#### [About this task]
Begin at the line that has "Книга Большая Энциклопедия", stop after the line that has "These areas also", and print exactly those lines from the records below, without any pictures.

[Records supplied Boundary: Start]

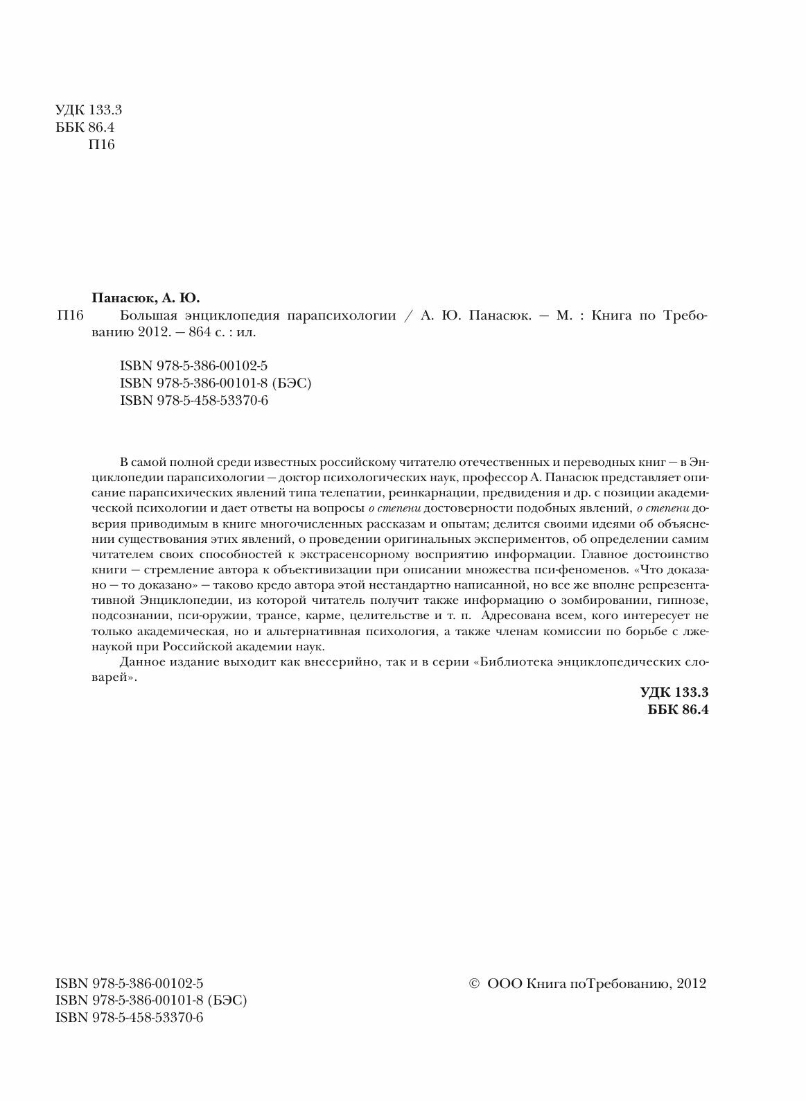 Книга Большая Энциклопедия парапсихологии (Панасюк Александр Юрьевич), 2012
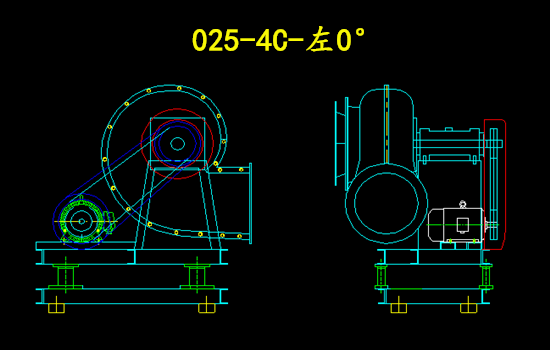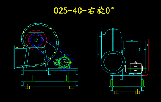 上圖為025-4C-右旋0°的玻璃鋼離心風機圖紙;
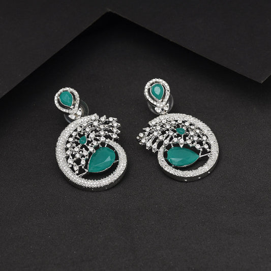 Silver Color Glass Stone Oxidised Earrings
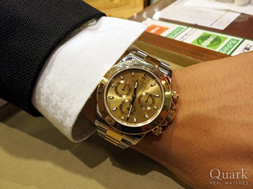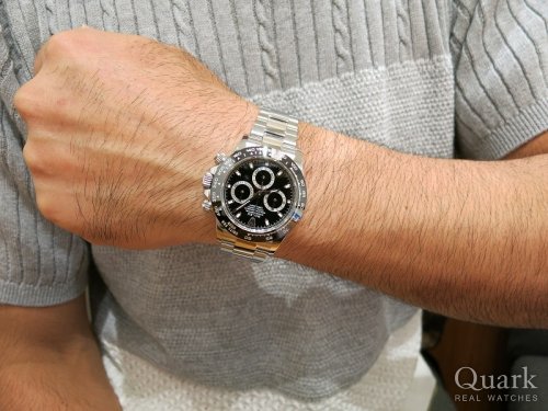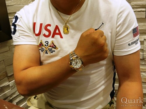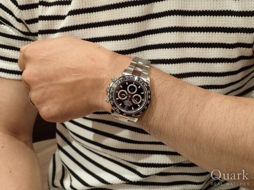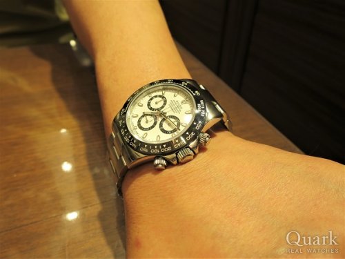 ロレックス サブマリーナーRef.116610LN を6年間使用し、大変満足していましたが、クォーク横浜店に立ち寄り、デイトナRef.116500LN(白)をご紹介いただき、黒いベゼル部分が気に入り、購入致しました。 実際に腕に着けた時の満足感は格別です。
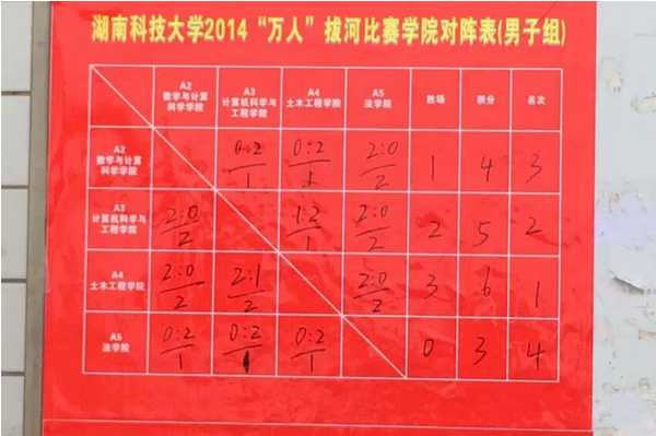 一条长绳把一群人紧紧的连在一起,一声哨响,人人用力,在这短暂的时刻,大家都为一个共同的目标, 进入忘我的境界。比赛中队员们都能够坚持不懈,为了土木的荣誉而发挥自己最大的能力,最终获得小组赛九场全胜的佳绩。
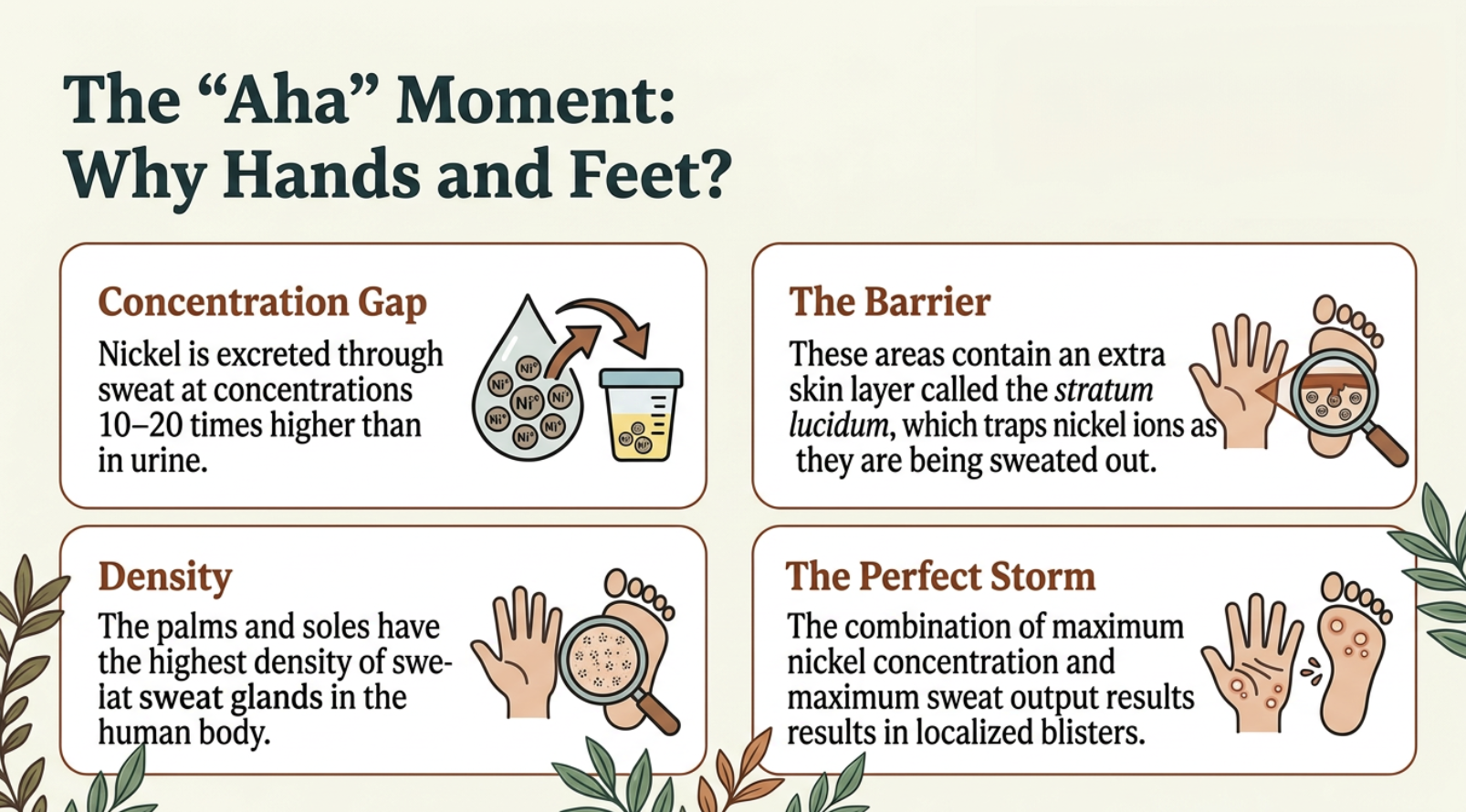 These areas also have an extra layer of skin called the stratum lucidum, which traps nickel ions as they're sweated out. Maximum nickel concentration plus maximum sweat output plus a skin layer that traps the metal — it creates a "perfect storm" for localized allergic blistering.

[Records supplied Boundary: End]
[Records supplied Boundary: Start]

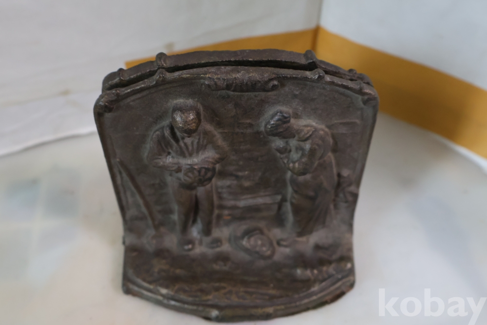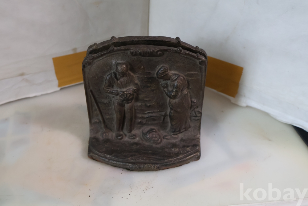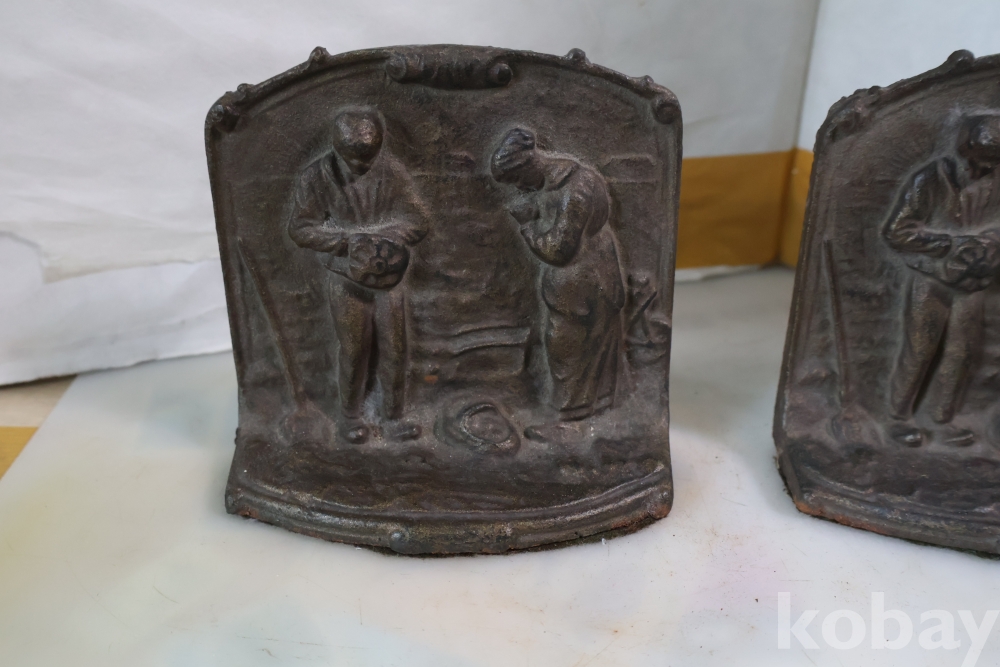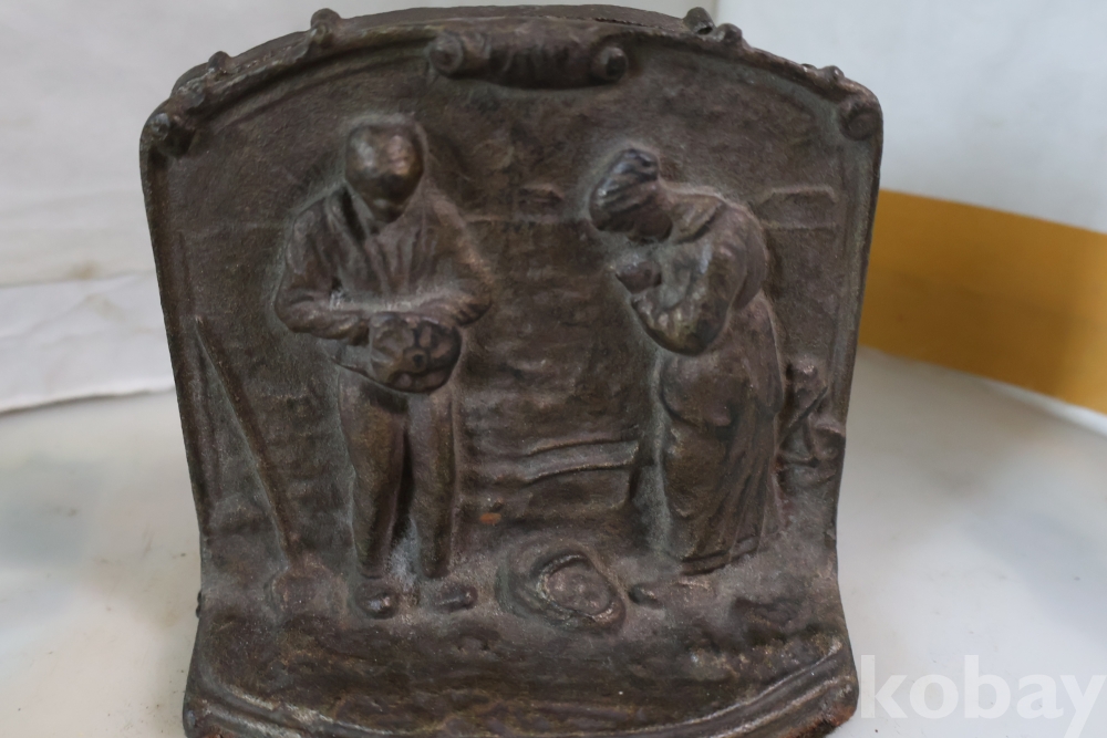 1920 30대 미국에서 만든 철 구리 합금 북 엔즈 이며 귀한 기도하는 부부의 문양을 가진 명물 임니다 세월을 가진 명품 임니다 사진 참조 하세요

[Records supplied Boundary: End]

#### [Answer for the task]
 Книга Большая Энциклопедия парапсихологии (Панасюк Александр Юрьевич), 2012
 上圖為025-4C-右旋0°的玻璃鋼離心風機圖紙;
 Silver Color Glass Stone Oxidised Earrings
 ロレックス サブマリーナーRef.116610LN を6年間使用し、大変満足していましたが、クォーク横浜店に立ち寄り、デイトナRef.116500LN(白)をご紹介いただき、黒いベゼル部分が気に入り、購入致しました。 実際に腕に着けた時の満足感は格別です。
 一条长绳把一群人紧紧的连在一起,一声哨响,人人用力,在这短暂的时刻,大家都为一个共同的目标, 进入忘我的境界。比赛中队员们都能够坚持不懈,为了土木的荣誉而发挥自己最大的能力,最终获得小组赛九场全胜的佳绩。
 These areas also have an extra layer of skin called the stratum lucidum, which traps nickel ions as they're sweated out. Maximum nickel concentration plus maximum sweat output plus a skin layer that traps the metal — it creates a "perfect storm" for localized allergic blistering.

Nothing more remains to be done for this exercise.